A loan with a specified repayment schedule and maturity date, drawn in full at inception (or in agreed instalments) and repaid through regular principal and interest payments over its term. Term loans may be amortising (with regular principal repayments) or bullet (with principal repaid in full at maturity).

Value Bridge

A visual and analytical framework that reconciles the difference between two valuations — typically entry and exit, or book value and market value — by attributing value changes to specific drivers such as revenue growth, margin improvement, multiple expansion, and intangible asset creation. Value bridges are widely used in private equity reporting and portfolio company management.

Convertible Note

A short-term debt instrument that converts into equity at a future financing round, typically at a discount to the next round's valuation.

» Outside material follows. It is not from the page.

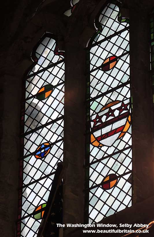 picture) at Selby Abbey in Yorkshire incorporates the Washington family coat of arms, three red stars above two red bands on a white shield, the model for the American Flag. It most probably represents some kind of benefaction made to the Abbey to commemorate John Wessington. He was Prior of Durham from 1416~1446 and the most distinguished collateral ancestor of George Washington.

Convertible notes are commonly used in seed-stage financing because they defer the need to establish a valuation.

Venture Debt

A form of debt financing available to venture-backed startups that supplements equity financing without requiring the dilution of additional equity rounds. Venture debt is typically structured as term loans with warrants giving the lender the right to purchase equity, and is used to extend runway, finance equipment, or bridge between funding rounds.

SAFE (Simple Agreement for Future Equity)

A financing instrument developed by Y Combinator that provides investors with the right to receive equity at a future priced round, subject to a valuation cap and/or discount. SAFEs are simpler than convertible notes, carry no interest, and have no maturity date.

Working Capital Facility

A short-term financing arrangement designed to fund a company's day-to-day operational needs, bridging the timing gap between paying suppliers and receiving payment from customers. Working capital facilities typically take the form of revolving credit facilities, overdrafts, or invoice finance arrangements, and are secured against current assets such as receivables and inventory.

Co-Investment

A direct investment made by a limited partner alongside a private equity or venture capital fund in a specific portfolio company. Co-investments allow LPs to increase exposure to particular deals, typically at reduced or no management fees and carry, while giving the GP additional capital for larger transactions.